CHAPTER VIII
GRAF LUDWIG

THE trap had snapped. Ulrich of Eisenach was in it. He had doubled the vow to Saint Moritz, but with no avail. In the last twilight the frighted watchers at the Wartburg peered from their turrets, and saw the dim masses of horse and footmen spreading themselves around the mountain,—hundreds, thousands. Graf Ludwig had been nearer, and in greater force than any lanzknecht dreamed. The Wartburg was ringed in by foes.

But this was not the worst. Ulrich’s men were still beating up the forest, and the Graf had silently cut off their retreat. As they wandered home in sullen handfuls, cursing the bootless hunt, his sentries had nipped them, nearly all, taking prisoners after few struggles and fewer blows.

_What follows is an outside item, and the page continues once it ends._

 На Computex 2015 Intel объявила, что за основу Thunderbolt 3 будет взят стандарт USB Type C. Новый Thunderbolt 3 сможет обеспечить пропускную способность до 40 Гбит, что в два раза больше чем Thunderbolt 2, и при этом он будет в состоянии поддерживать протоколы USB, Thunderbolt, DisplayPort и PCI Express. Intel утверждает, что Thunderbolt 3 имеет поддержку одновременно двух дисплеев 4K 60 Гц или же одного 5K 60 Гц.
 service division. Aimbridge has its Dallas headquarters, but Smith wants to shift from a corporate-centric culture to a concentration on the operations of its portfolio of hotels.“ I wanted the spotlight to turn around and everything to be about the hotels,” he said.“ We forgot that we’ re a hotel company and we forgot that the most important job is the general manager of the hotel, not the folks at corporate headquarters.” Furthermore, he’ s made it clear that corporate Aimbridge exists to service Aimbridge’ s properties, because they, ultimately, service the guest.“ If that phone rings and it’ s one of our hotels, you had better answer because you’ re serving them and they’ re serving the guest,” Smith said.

Only two, slyer than the rest, had crept through the besiegers, and into the postern, with a tale which made Priest Clement’s teeth chatter,—how Ludwig was at the gates with nigh three thousand men.

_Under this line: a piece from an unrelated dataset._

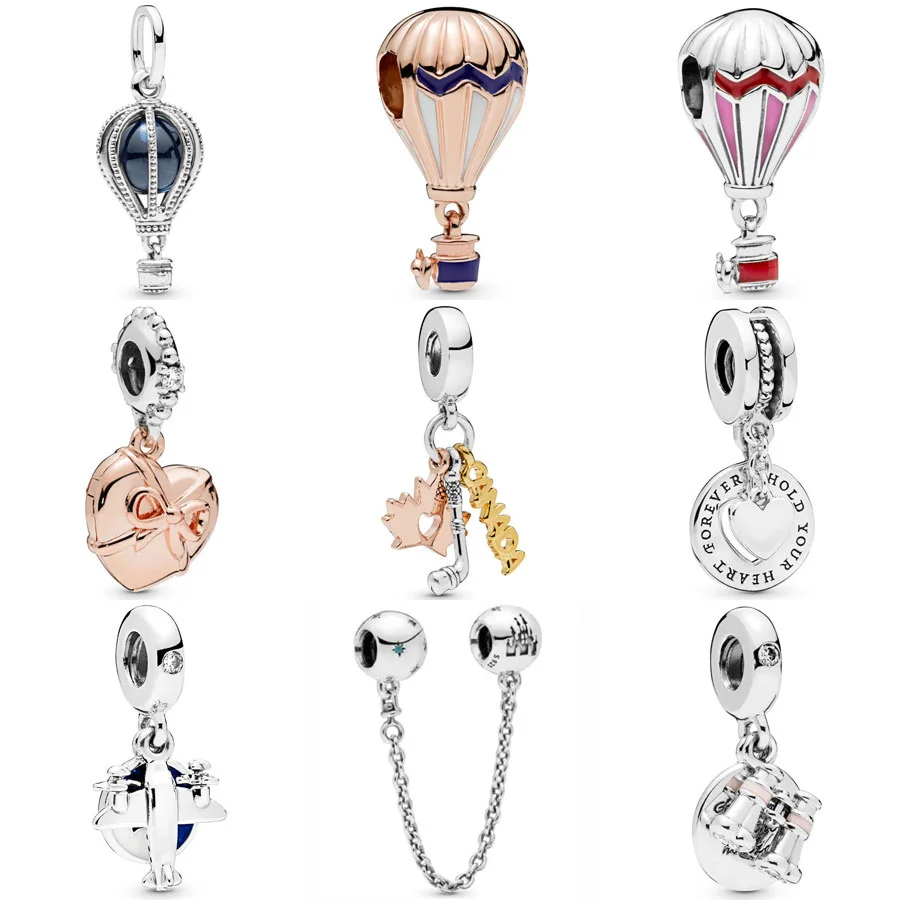 Подвеска-Шарм для браслета из стерлингового серебра 925 пробы в виде розового шара, самолета, бинокля навсегда, сердца

Ulrich had felt hard knocks from the Devil ere now, but this was the hardest. The Wartburg was a very Emperor of castles,—provisioned and garrisoned by eight hundred, it could hold Kaiser Rudolf at bay. But inside the walls the Baron could barely count on twenty men fit to strike a blow, and the sluttish women were good for nought save screaming. Ulrich dropped the portcullis, placed a catapult to command the gate, and set boxes of arrows along the ramparts to insure ready ammunition; but how were a score to defend the long circuit of the battlement? The moat was almost dry. At dawn the Baron could kill a few attackers, but by the third hour after he knew well enough he would be voyaging toward heaven or elsewhere.

Desperate enough was every one in the Wartburg. As the night blackened, their mood blackened also. The sky was thickly clouded, starless, and moonless. A murky hot wind fanned from the south, dead and stifling,—“fit reminder,” so Michael forced the jest, “of the breeze likely to blow in their next habitation.” Priest Clement, who stood beside him on the gate tower, trembled all over at the impious levity.

“Do you not fear God? Are you so anxious for torment?”

“Humph!” grumbled the Breaker; “as much as you, holy Father. But I would have small respect for God if He were to forgive you or me now. We have made our bargain with Satan as do all fools, ‘for a short life and a merry one,’ and none should whine like a puppy if the landlord demands the ‘drink-penny’ at last.”

“You mean our souls?” moaned the priest.